INPUT FOR THIS TASK:
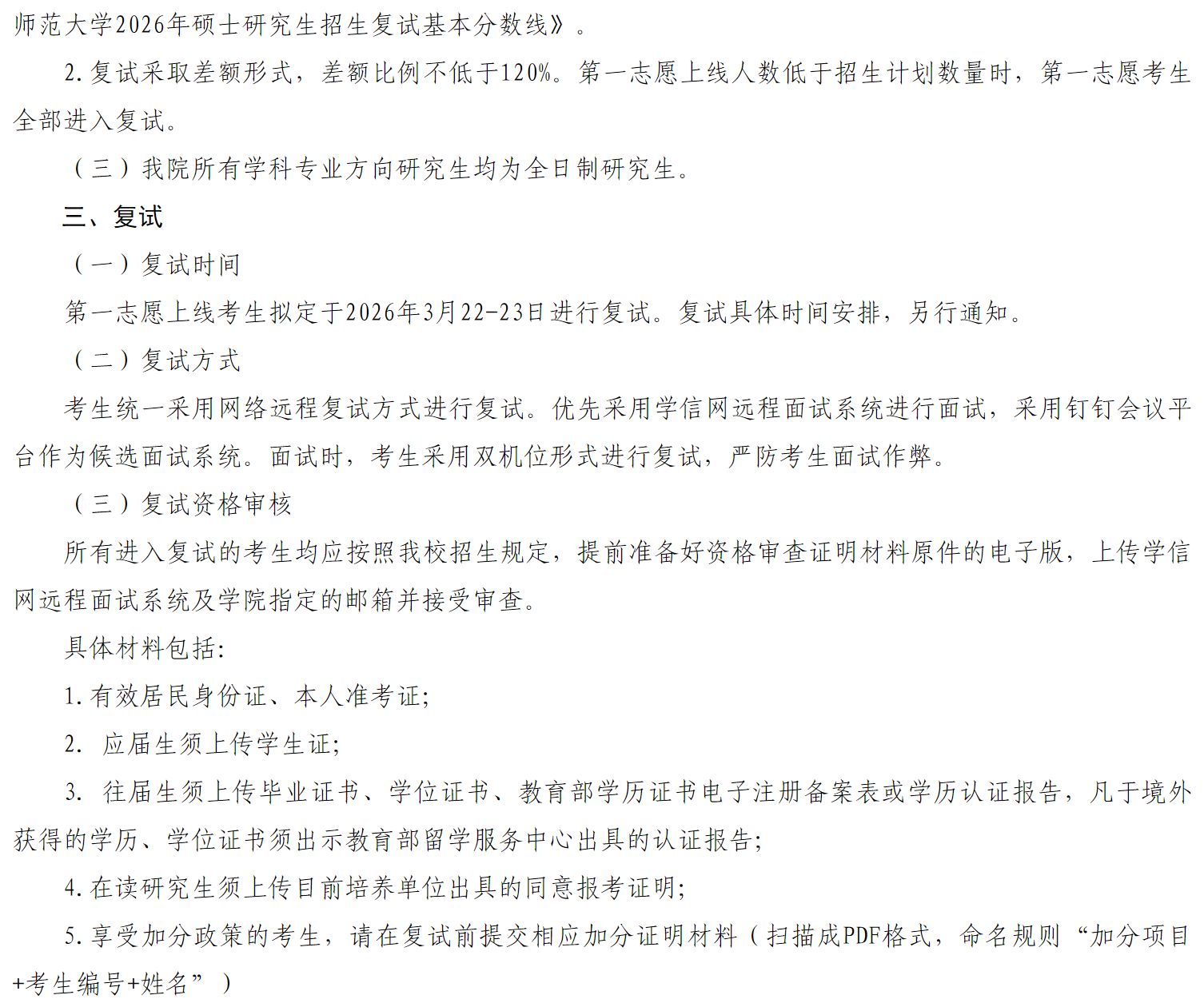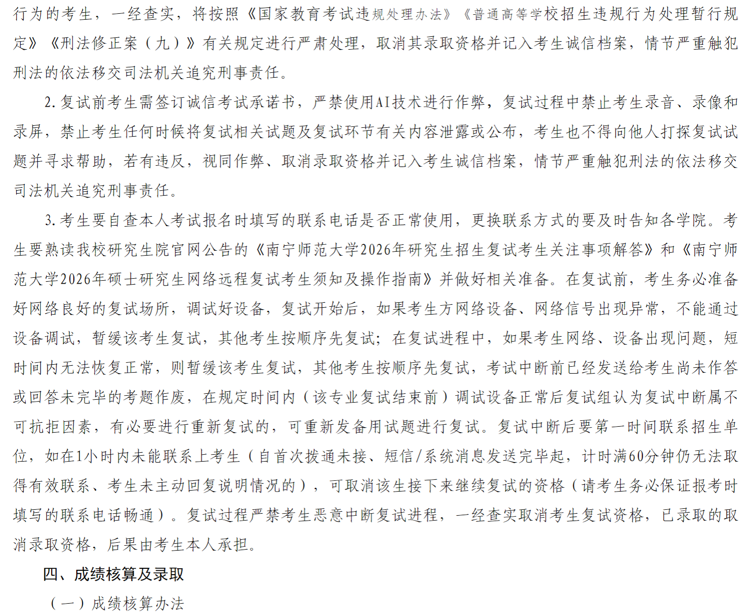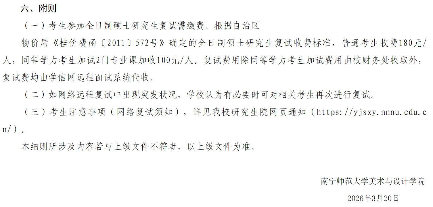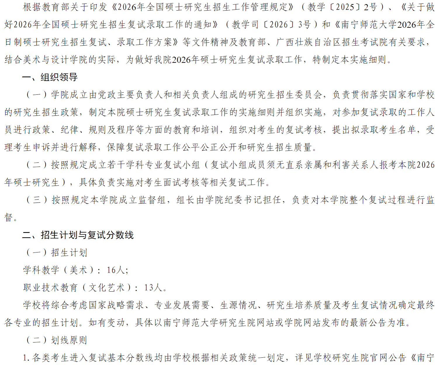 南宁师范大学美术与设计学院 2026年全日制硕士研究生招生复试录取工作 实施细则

==

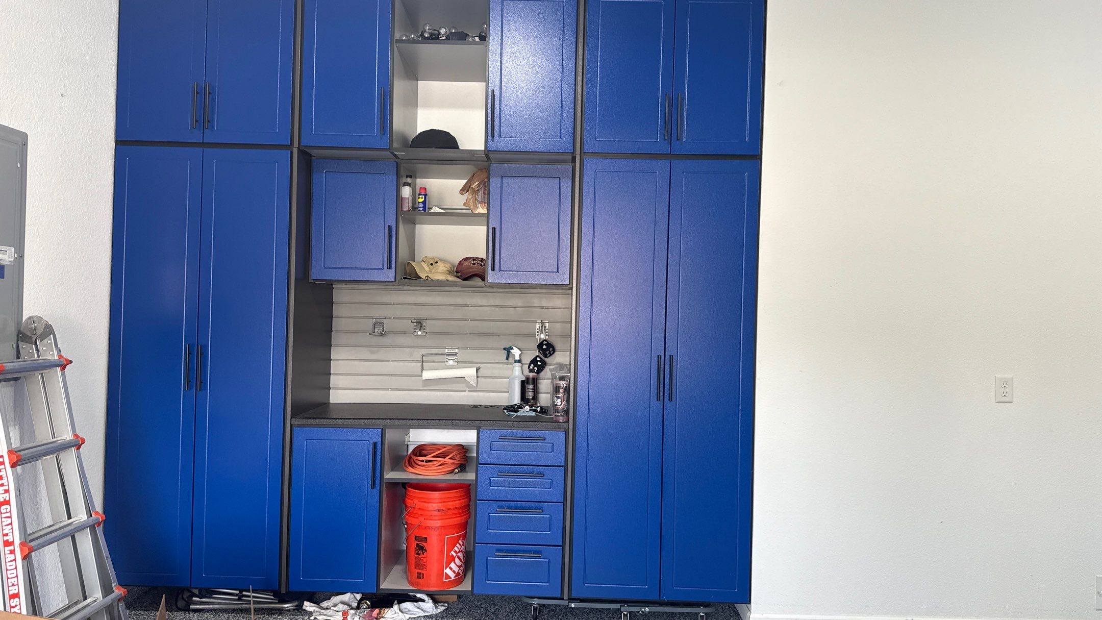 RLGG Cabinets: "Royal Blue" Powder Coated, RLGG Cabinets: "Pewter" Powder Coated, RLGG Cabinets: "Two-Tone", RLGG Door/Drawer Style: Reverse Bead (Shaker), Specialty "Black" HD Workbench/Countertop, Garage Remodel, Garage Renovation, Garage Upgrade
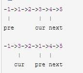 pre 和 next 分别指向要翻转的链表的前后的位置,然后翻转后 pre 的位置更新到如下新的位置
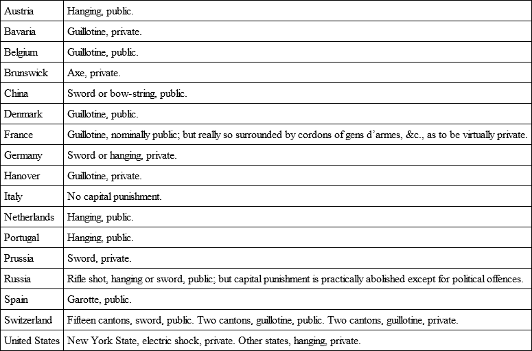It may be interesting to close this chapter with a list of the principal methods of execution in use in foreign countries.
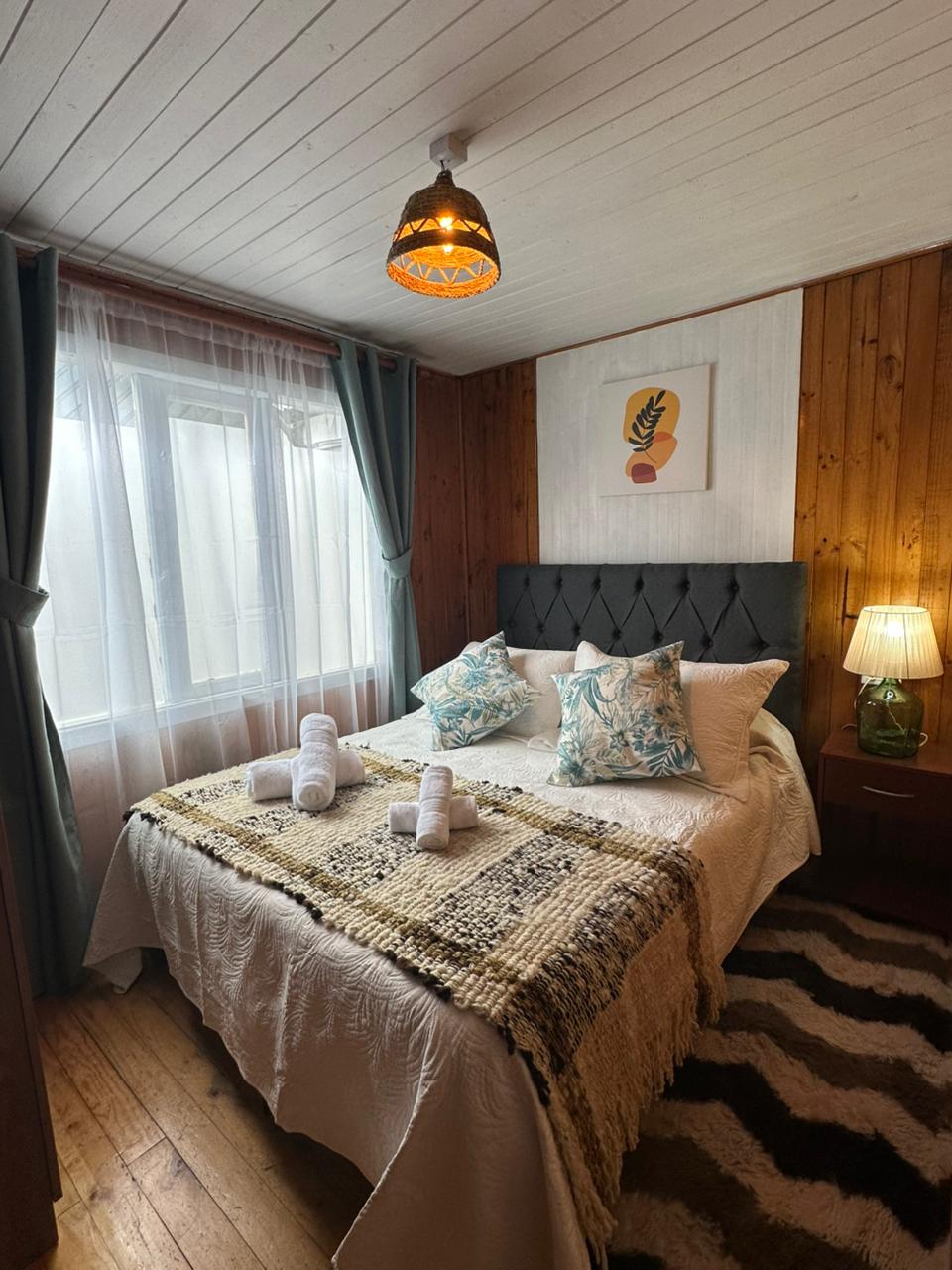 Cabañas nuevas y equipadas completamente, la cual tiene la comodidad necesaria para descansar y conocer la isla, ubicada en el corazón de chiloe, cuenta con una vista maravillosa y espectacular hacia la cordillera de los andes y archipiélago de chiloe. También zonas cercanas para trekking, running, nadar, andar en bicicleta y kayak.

==

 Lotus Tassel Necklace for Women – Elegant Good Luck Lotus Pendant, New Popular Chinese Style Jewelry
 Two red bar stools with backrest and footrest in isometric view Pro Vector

WHAT YOU HAVE TO DO: With the pictures removed from your copy, retype the lines above from the one that contains "Renovation, Garage Upgrade" through the one that contains "pre 和 next 分别指向要翻转的链表的前后的位置,然后翻转后", exactly.

SOLVED EXERCISE:
 RLGG Cabinets: "Royal Blue" Powder Coated, RLGG Cabinets: "Pewter" Powder Coated, RLGG Cabinets: "Two-Tone", RLGG Door/Drawer Style: Reverse Bead (Shaker), Specialty "Black" HD Workbench/Countertop, Garage Remodel, Garage Renovation, Garage Upgrade
 pre 和 next 分别指向要翻转的链表的前后的位置,然后翻转后 pre 的位置更新到如下新的位置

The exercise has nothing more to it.